_Exercise_: Please set down, with no changes, every line of the material below from the one containing "9.5/10Another great visit" through the end. Skip the pictures.

_Given information_:
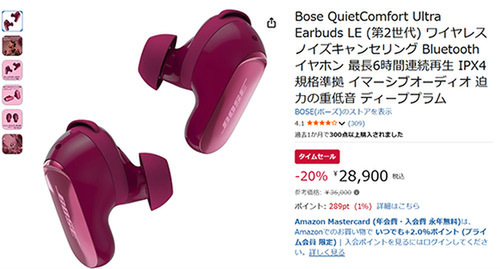 Bose(ボーズ)のワイヤレスイヤホン「QuietComfort Ultra Earbuds LE(第2世代)」が、Amazonタイムセールに登場しました。参考価格36,000円から20%オフの28,900円で販売中です。
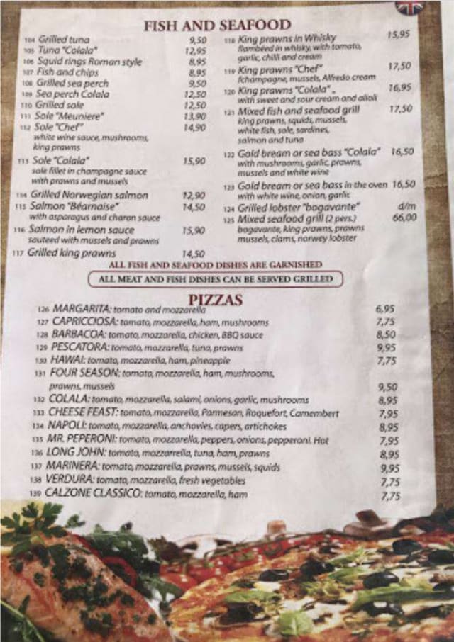 9.5/10Another great visit to Colala. The food is very good (we had sirloin steak and seafood paella). Good value for money and a really nice welcome into the restaurant l. It was good to see a lot of the same staff as previous times. The only slightly negative thing on this occasion was we were not asked if we wanted a dessert as it seemed they were quite busy and forgot to check. Apart from that, everything was great.
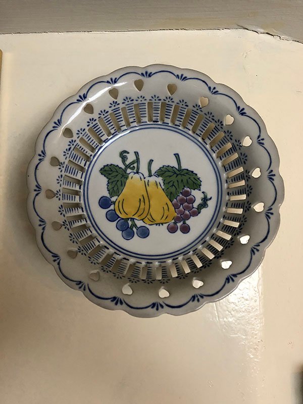 ADORNOS, PLATO DECORA, MEDIANO, EN PORCELANA , MOTIVO PERAS AMARILLAS Y UVAS MORADAS Y AZULES, ELABORADO EN PORCELANA, DIMENSIONES: X X , PESO: GRS
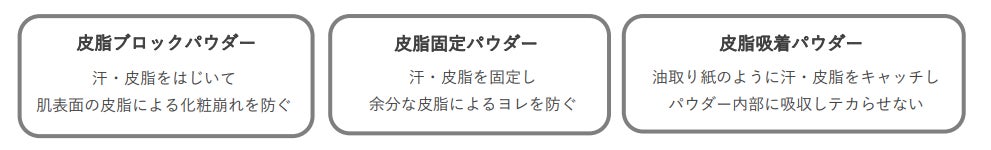 さらに、テカリ・ヨレを防止するために「3 種のオイルセンサーパウダー」 (皮脂ブロックパウダー※8・皮脂固定パウダー※9・皮脂吸着パウダー※10)を配合。 汗・皮脂によるベタつきを抑えて、サラサラな肌をキープします。

_Answer space_:
 9.5/10Another great visit to Colala. The food is very good (we had sirloin steak and seafood paella). Good value for money and a really nice welcome into the restaurant l. It was good to see a lot of the same staff as previous times. The only slightly negative thing on this occasion was we were not asked if we wanted a dessert as it seemed they were quite busy and forgot to check. Apart from that, everything was great.
 ADORNOS, PLATO DECORA, MEDIANO, EN PORCELANA , MOTIVO PERAS AMARILLAS Y UVAS MORADAS Y AZULES, ELABORADO EN PORCELANA, DIMENSIONES: X X , PESO: GRS
 さらに、テカリ・ヨレを防止するために「3 種のオイルセンサーパウダー」 (皮脂ブロックパウダー※8・皮脂固定パウダー※9・皮脂吸着パウダー※10)を配合。 汗・皮脂によるベタつきを抑えて、サラサラな肌をキープします。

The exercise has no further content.